New bill could push last call to 4 a.m. at bars in California

Donald Aardema, left, Taylor Margosian, Kaylyn Hofstee, Hans Gilkey and Faith Sierra celebrate St. Patrick’s Day at McCarthy’s Irish Pub in downtown San Luis Obispo in 2016. Under a proposed new law, bars like McCarthy’s could stay open as late as 4 a.m. California last call is currently 2 a.m.
Donald Aardema, left, Taylor Margosian, Kaylyn Hofstee, Hans Gilkey and Faith Sierra celebrate St. Patrick’s Day at McCarthy’s Irish Pub in downtown San Luis Obispo in 2016. Under a proposed new law, bars like McCarthy’s could stay open as late as 4 a.m. California last call is currently 2 a.m. jjohnston@thetribunenews.com

San Luis Obispo County bargoers who’ve dreamed of carousing until 4 a.m. could get the nightcap they’ve been waiting for.

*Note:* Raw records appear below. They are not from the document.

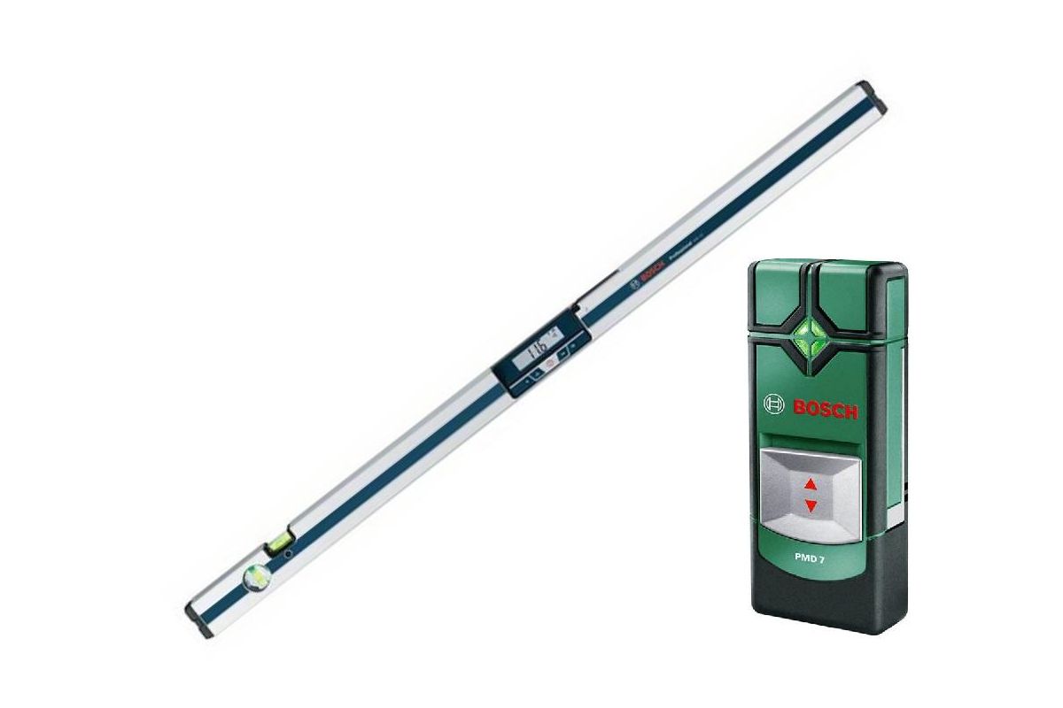 В состав набора входят: Уклономер BOSCH GIM 120 Prof (0.601.076.800) Диапазон измерения 0–360° (4x90°) Точность при 0°/90°, Детектор BOSCH PMD7 сталь-70мм медь-60мм электропроводка-50мм 3x1.5В ААА универальный
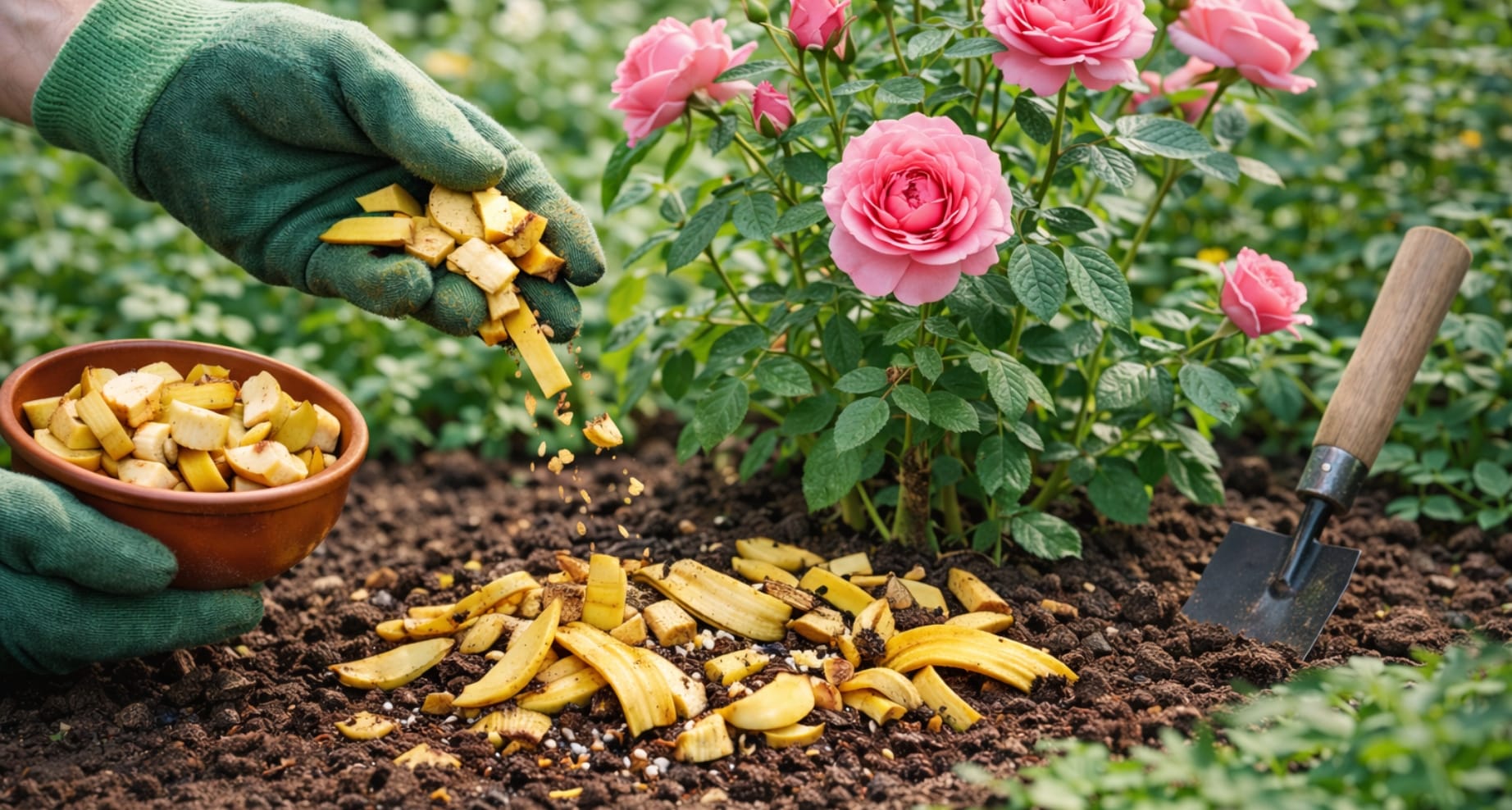 2) Strategické umístění: Při sázení nových rostlin vykopejte jamku o něco hlubší. Na dno dejte banánovou drť a zasypejte ji vrstvou hlíny.
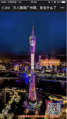 通过线上H5,“小蛮腰”在朋友圈里变成了许愿墙。粉丝们只要把自己的许愿编辑成文字,就可以让许愿爬上“小蛮腰”,帮你表白男神女神,帮你和爱人高科技式“虐狗”。活动当天,“小蛮腰”许愿墙在朋友圈形成了“地毯式轰炸”,七夕抢镜,舍我其谁?
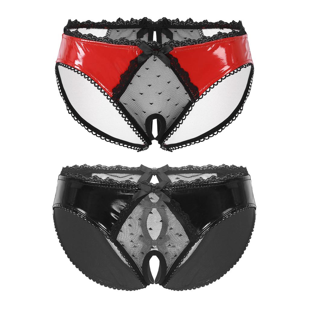 Damskie prześwitujące majtki stringi z koronkowymi wstawkami, błyszczące majtki z lakowanej skóry patentowej z otwartym kroczem i kokardką, niski stan
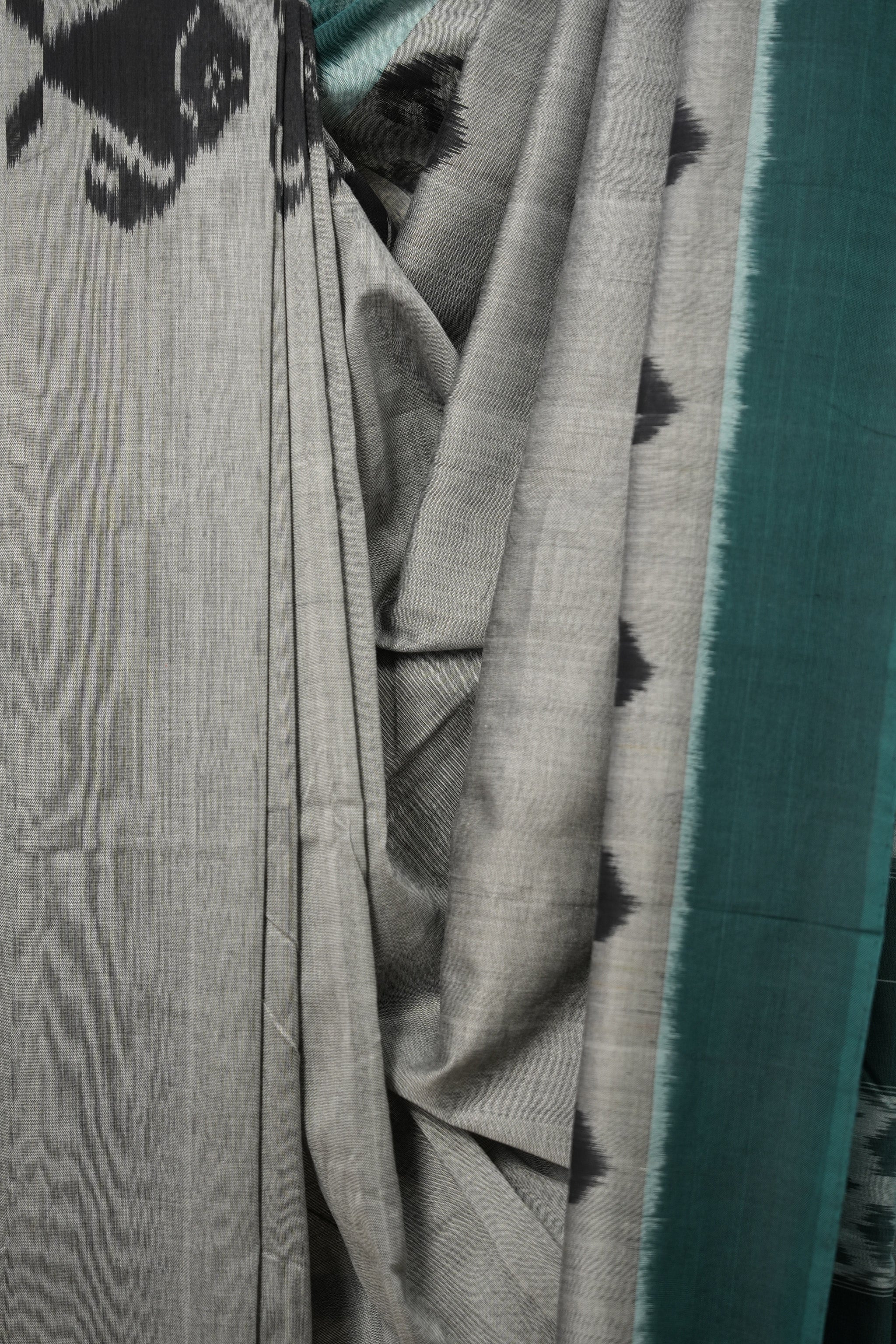 Grey-Black Pochampalli Cotton Ikat Saree - SRGBPCIS611

State Sen. Scott Wiener, D-San Francisco, has proposed the Let Our Communities Adjust Late Night Act, which would allow municipalities to set their own last-call times, according to the Los Angeles Times.

California law currently sets last call at 2 a.m., but Wiener’s bill would allow cities to move their closing times as late as 4 a.m.

“Nightlife matters a lot, culturally and economically,” Wiener wrote on his Facebook page, “and it’s time to allow local communities more flexibility.”

It isn’t the first time such legislation has been proposed in California.

In 2013, former state Sen. Mark Leno attempted to give cities more freedom in setting last-call times, but his proposal failed to get enough votes to move out of committee, according to The Associated Press.